Openly licensing the complex prompts that we build is one place to start, but in line with the aims and objectives of the 2019 UNESCO Recommendation on Open Educational Resources (OER), we ought to be considering where to collaborate at sector level on the development of open GenAI technologies and systems that can support the development of OER (amongst other things) for the benefit of public education systems, owned and governed by our community, and in alignment with our responsibilities and values.
What might open equivalents of interactive textbooks, able to respond to requests to summarise or synthesise content look like? Especially where they are built to work on everyday computing hardware in places where internet connectivity is expensive and unreliable? What could an education-specific aggregation service like Poe do for supporting innovation and improving the discoverability of open GenAI tools and sources of expertise, advice, and collaboration?

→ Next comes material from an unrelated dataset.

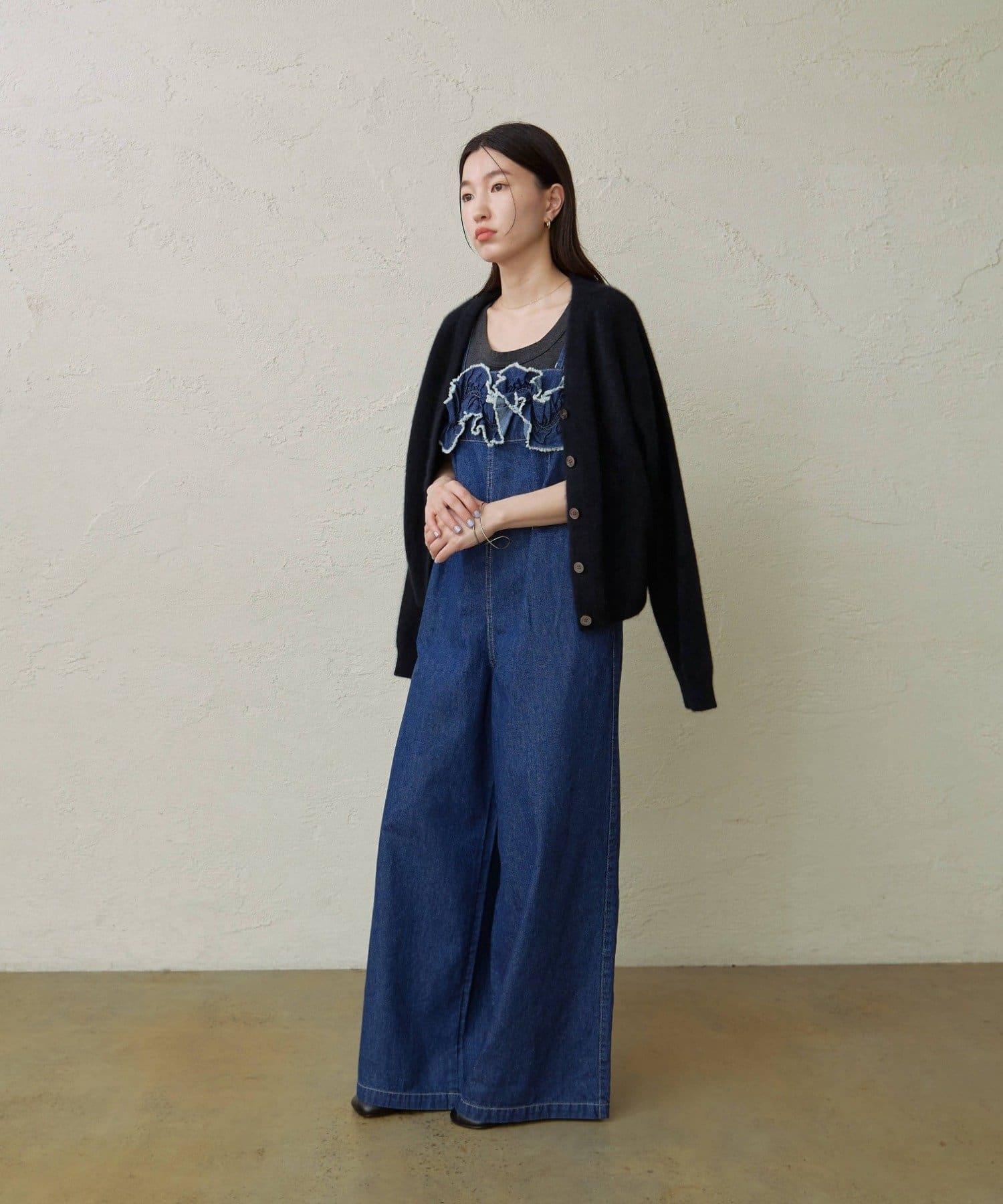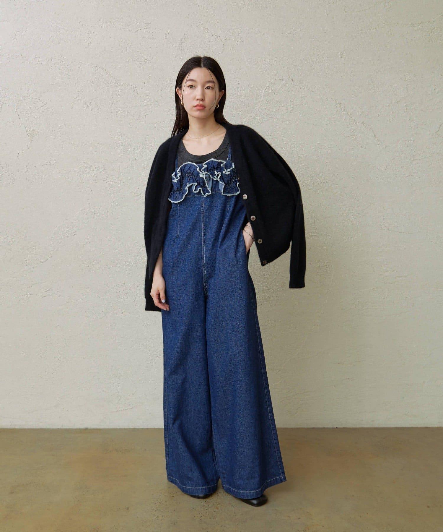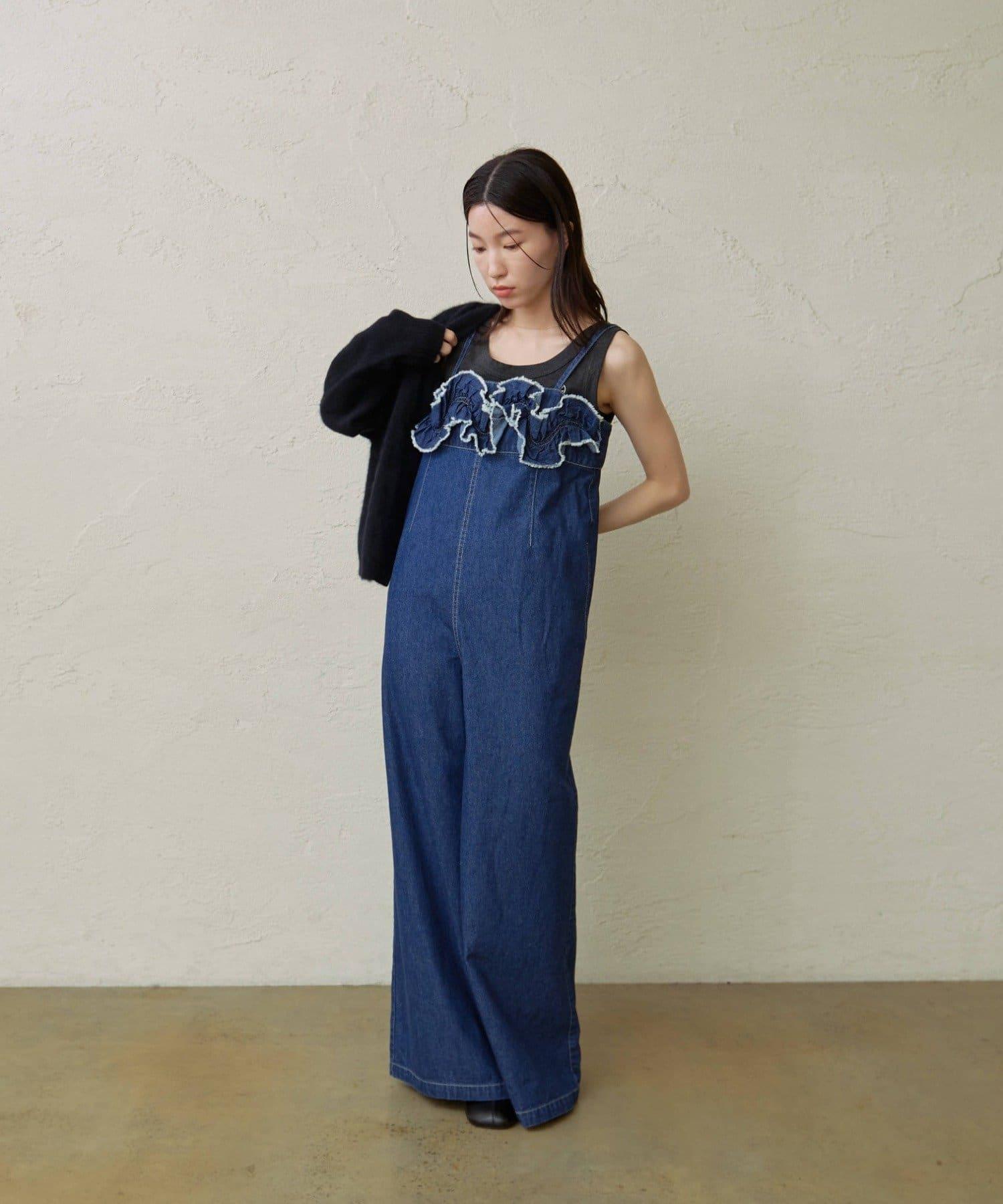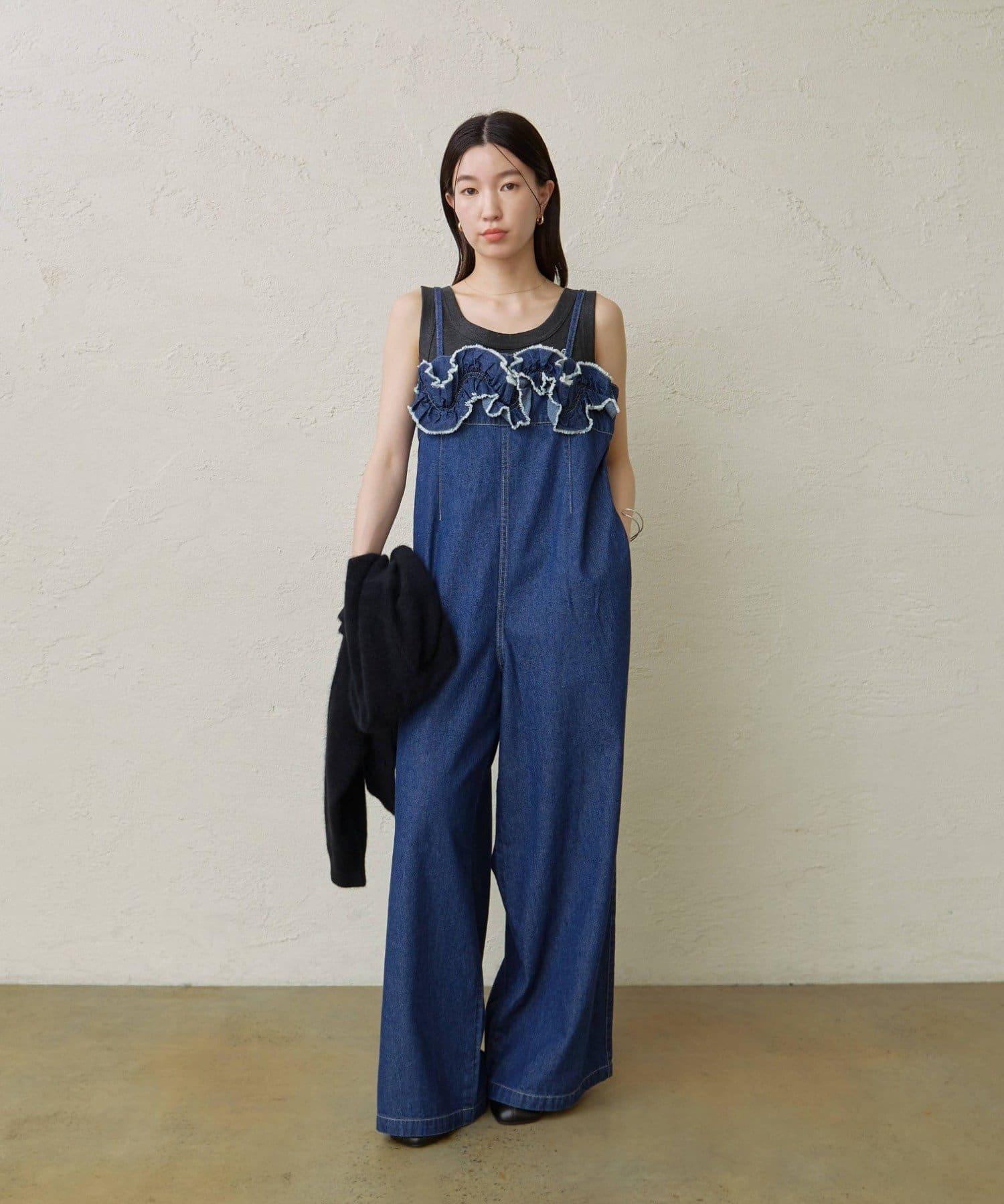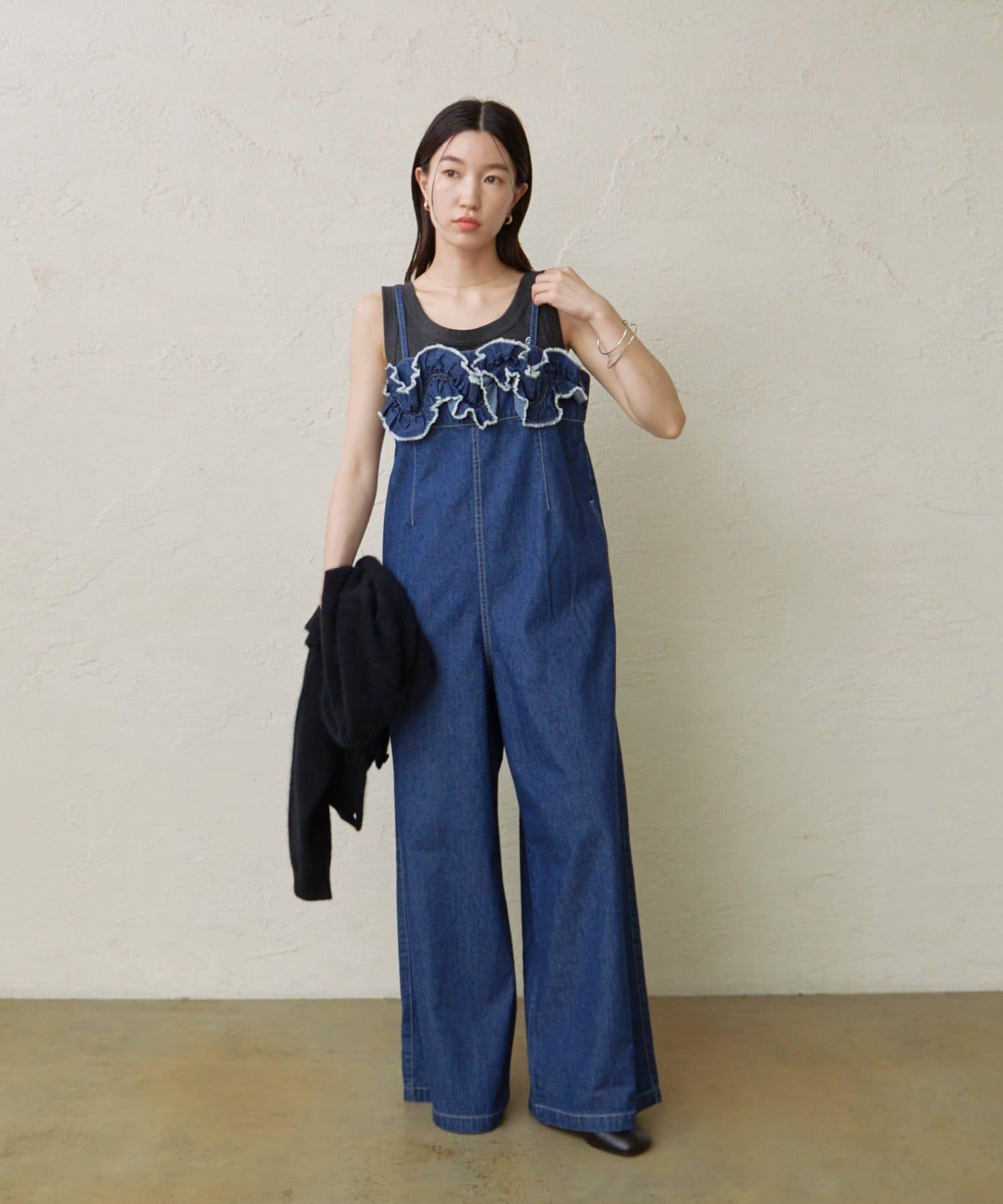 牛仔吊帶長褲,胸前飾有荷葉邊,盡顯女性魅力。

The idea of an education-focussed GenAI commons needs significant amounts of money, resources, and expertise and this is no small matter in education systems that are increasingly resource constrained, but this is even more reason to argue that fundamentally we need a mechanism to be able to easily share and work together. Creative Commons licenses allow us to share and re-use educational materials, widening access to participation and making best use of public money. Likewise Open Source Software licenses have enabled a permissive and frictionless ecosystem for technological innovation that has given the OER community important tools like Pressbooks or Manifold.

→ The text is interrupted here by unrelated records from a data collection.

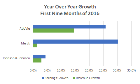 Here's the funny thing about Johnson & Johnson emerging as the best big pharma stock of 2016: The company's growth wasn't all that great. In fact, both Merck and AbbVie outperformed J&J in terms of revenue growth and earnings growth in the first nine months of last year.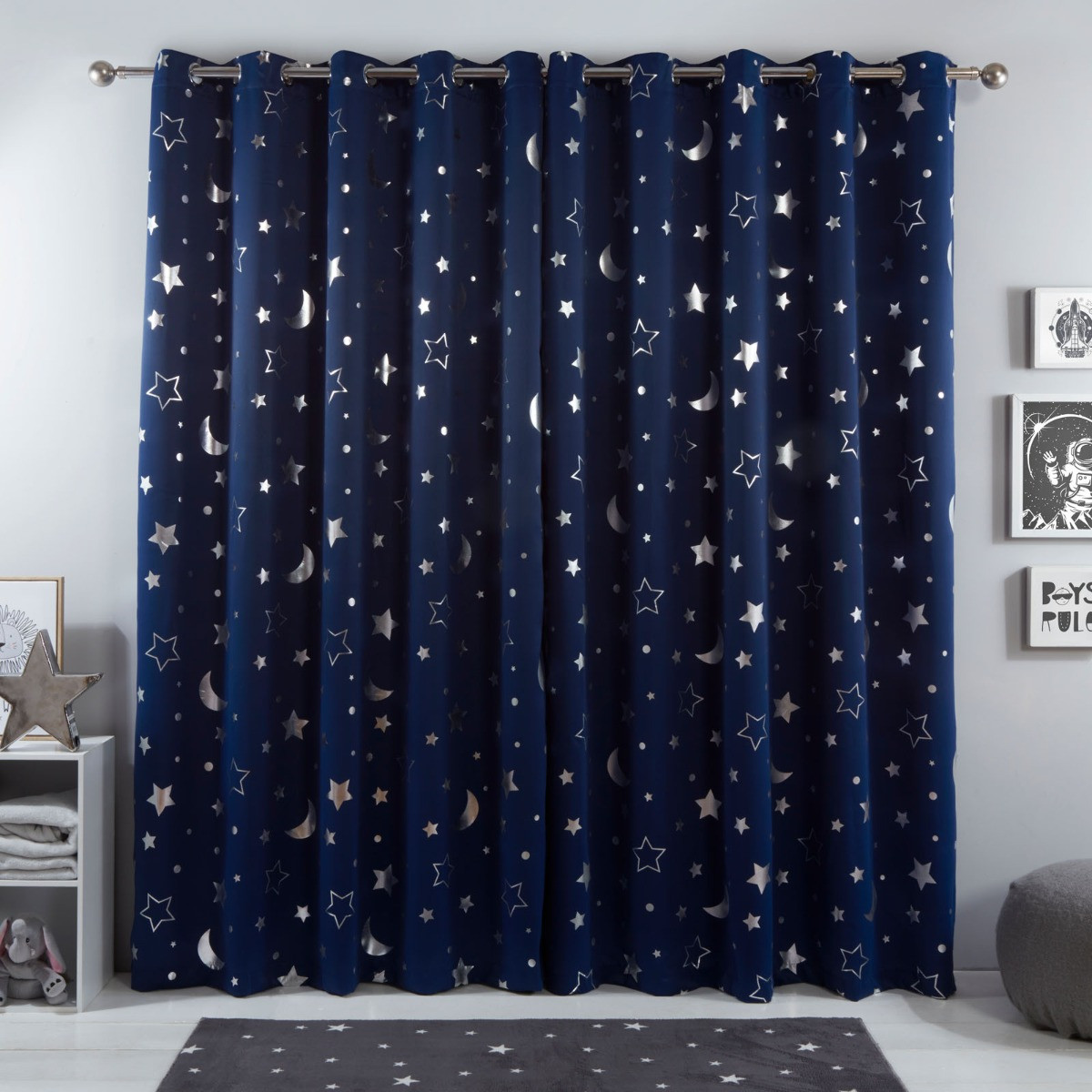 Turn bed time into a fun and loving atmosphere with these Galaxy blackout curtains from the OHS. Energy efficient for maximum insulation, these curtains keep heat in and light out. These heavyweight eyelet ring top thermal curtains will transform your room with its blackout qualities and unique supersoft drape material of soft sheen with metallic moon and stars. This is a double face curtain i.e. moon and stars pattern on face and plain matching colour on the reverse, with the blackout weave lining inside, and is perfect for any room. The eyelet ring top makes this easy to hang and easy care.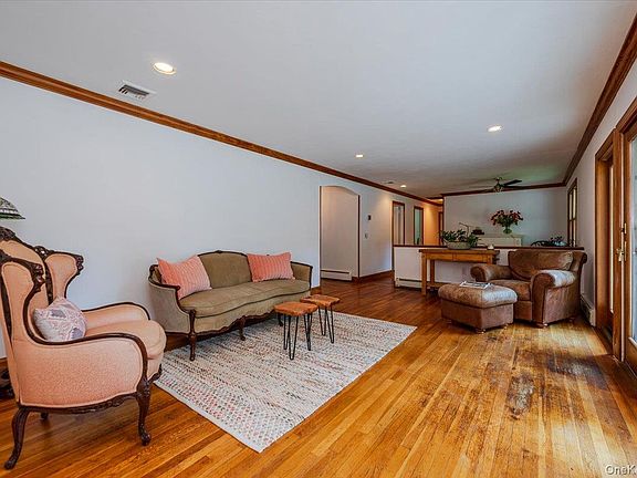 A charming expanded ranch provides all the space and comfort you desire. The main living areas and all three bedrooms are highlighted by beautiful hardwood floors. Every room in the home features distinctive crown and baseboard moldings, adding character throughout. The kitchen boasts white cabinets, a tiled backsplash, and stainless steel appliances. With ample cabinet storage and counter space, it is a highly functional kitchen. The living area is bright, featuring large sliding glass doors that open to the back deck. The stunning great room is spacious, with vaulted ceilings, recessed lighting, and a focal wall adorned with decorative moldings and a stone-surround fireplace. Its generous size allows for a variety of configurations and uses. The primary bedroom is well-sized and includes a large ensuite bathroom. The oversized shower is fully tiled, and there is abundant cabinetry for storage.

As a committed open education advocate, this is why I’ve been involved as a member of the Board at the Open Source Initiative (OSI) in the work we’ve been doing to define “open source AI”. Building on OSI’s expertise as stewards of the Open Source Definition (on which all open source licenses today are based) we have developed the Open Source AI Definition which explains in detail exactly what is required for an AI system to convey to its users, developers and deployers the freedom to use, study, modify, and share for any purpose. Version 1.0 of the definition was released in October 2024, and was developed through a global multi-stakeholder co-design process that includes technologists, public interest groups, policy makers, legal experts, and academics. This definition, and the legal documents that will in time be based upon it, are key pieces of the sharing infrastructure we need to enable a meaningful open GenAI commons for education. We fully expect that as the social, legal, and technical landscape around AI evolves, so will this definition and I think it’s imperative that open educators are part of that conversation.

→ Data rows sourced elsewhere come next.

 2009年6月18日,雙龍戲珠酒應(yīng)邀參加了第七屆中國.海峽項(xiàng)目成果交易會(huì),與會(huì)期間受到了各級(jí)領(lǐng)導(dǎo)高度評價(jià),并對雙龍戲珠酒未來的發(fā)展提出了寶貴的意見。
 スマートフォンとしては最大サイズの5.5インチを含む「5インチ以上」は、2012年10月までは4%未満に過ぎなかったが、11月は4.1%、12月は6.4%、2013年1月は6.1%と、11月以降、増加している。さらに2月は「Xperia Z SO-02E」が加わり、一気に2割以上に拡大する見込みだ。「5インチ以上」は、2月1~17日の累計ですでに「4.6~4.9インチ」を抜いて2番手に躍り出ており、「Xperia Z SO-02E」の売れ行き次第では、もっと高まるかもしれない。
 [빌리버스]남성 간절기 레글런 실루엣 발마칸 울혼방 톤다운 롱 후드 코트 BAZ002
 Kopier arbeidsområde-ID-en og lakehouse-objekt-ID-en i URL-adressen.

GenAI has already transformed our education systems, not least by forcing us to reflect on our current practices. Ensuring that we move forward in alignment with the values of open education and do not instead step backwards into greater enclosure of knowledge and increased costs for access to and participation in education requires that we don’t simply learn to use GenAI technologies, but that we collectively own and have agency over them, as we do with OER today.